RECORDED DATA:
****

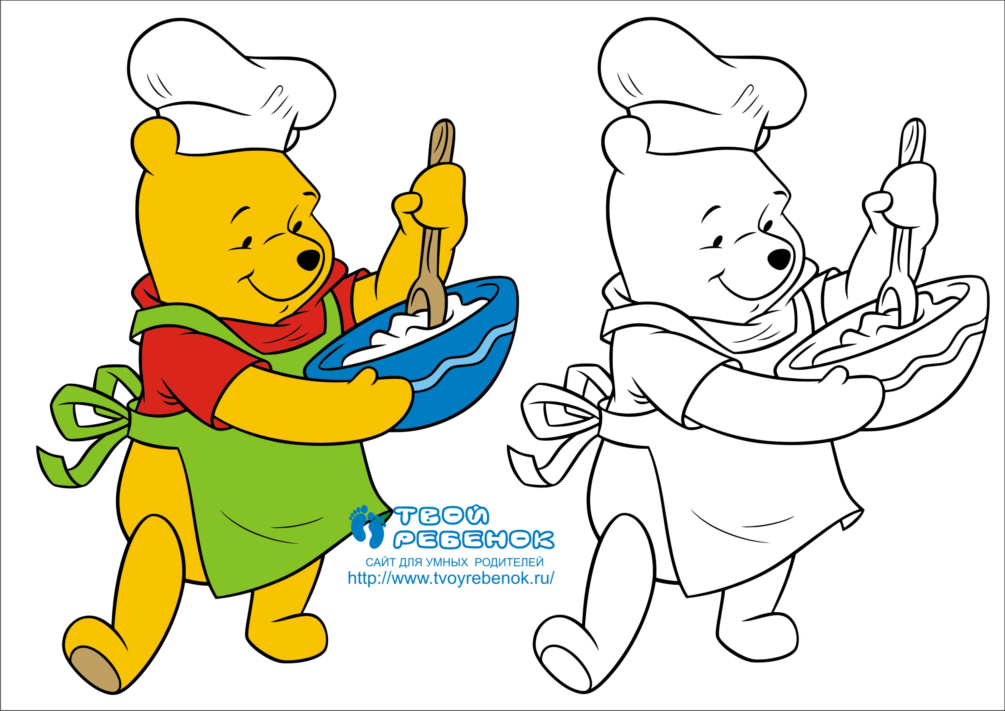 Розмальовка для дітей "Вінні Пух готує їжу". Ви можете завантажити цю розмальовку безкоштовно і роздрукувати її на кольоровому принтері. |
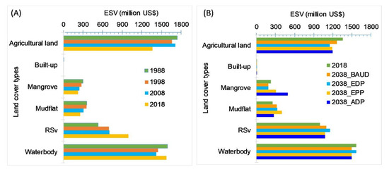 The total ESV of the LMRE decreased by as much as US$105.34 million during 1988-2018, of which 66% is attributable to agricultural land loss while 13%, 17%, and 3% are from the losses of mangrove forests, mudflats, and water bodies, respectively. The predicted ESV results indicated that if the LULC change pattern in 2038 continues following the BAUD and EDP scenarios, the total ESV will decline by US$41.37 and US$16.38 million, respectively, while under the EPP and ADP scenarios, total ESV will increase by US$60.61 and US$130.95 million, respectively.
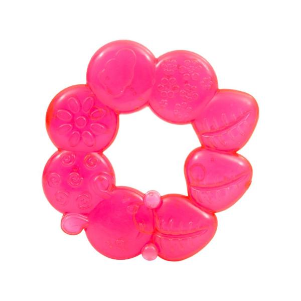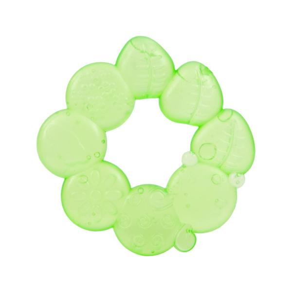 Anelli in plastica morbida contenente un gel refrigerante per dare sollievo alle gengive del neonato durante la dentizione.
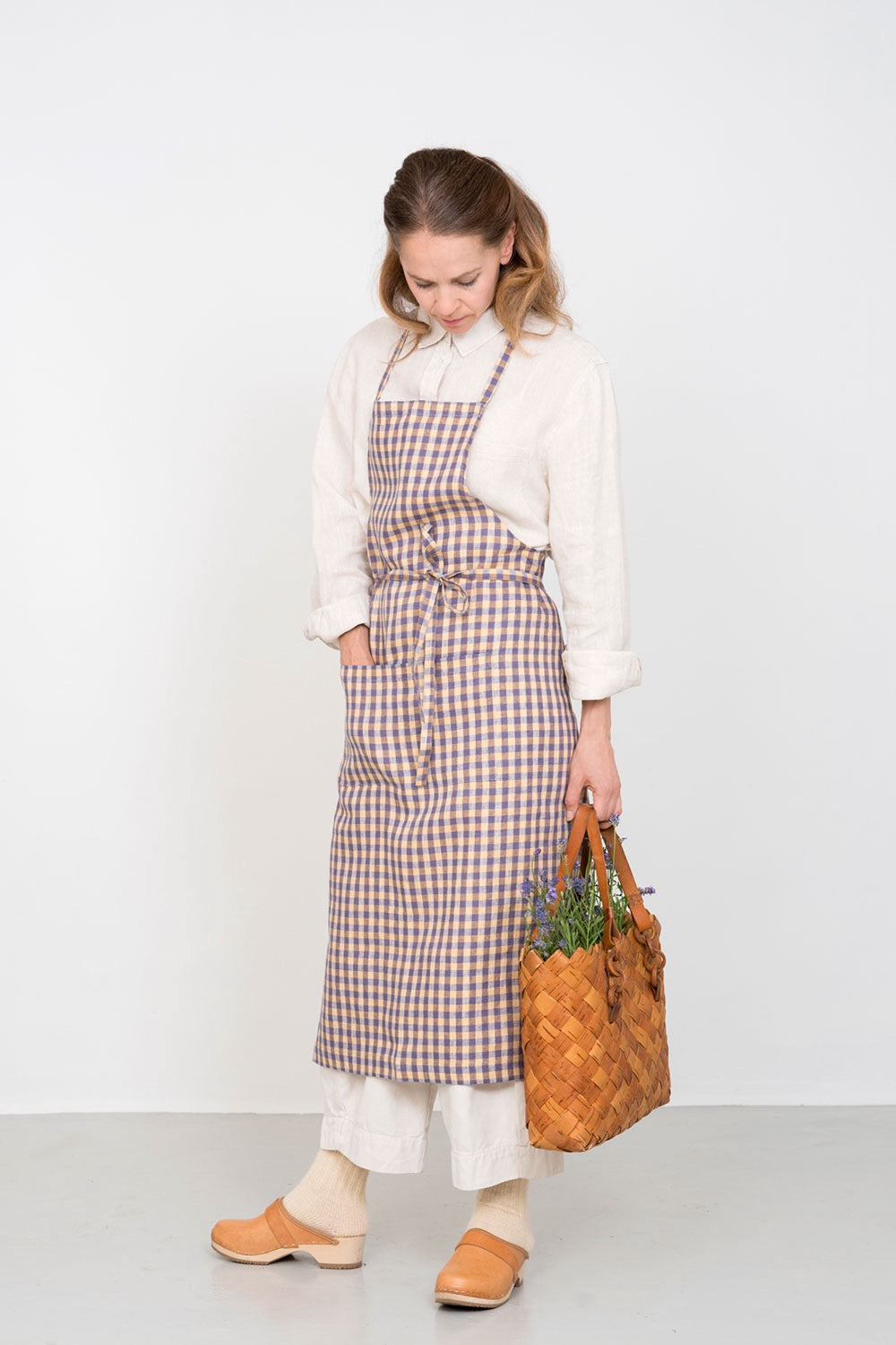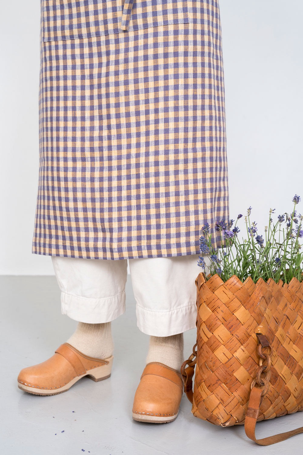 Linen Full Apron | Purple and Yellow Check (Phil)

****

GOAL OF THE EXERCISE: I need the lines from the line containing "Anelli in plastica" through the final line of the listing duplicated exactly, both ends included, with no pictures and nothing else.

SOLUTION:
 Anelli in plastica morbida contenente un gel refrigerante per dare sollievo alle gengive del neonato durante la dentizione.
 Linen Full Apron | Purple and Yellow Check (Phil)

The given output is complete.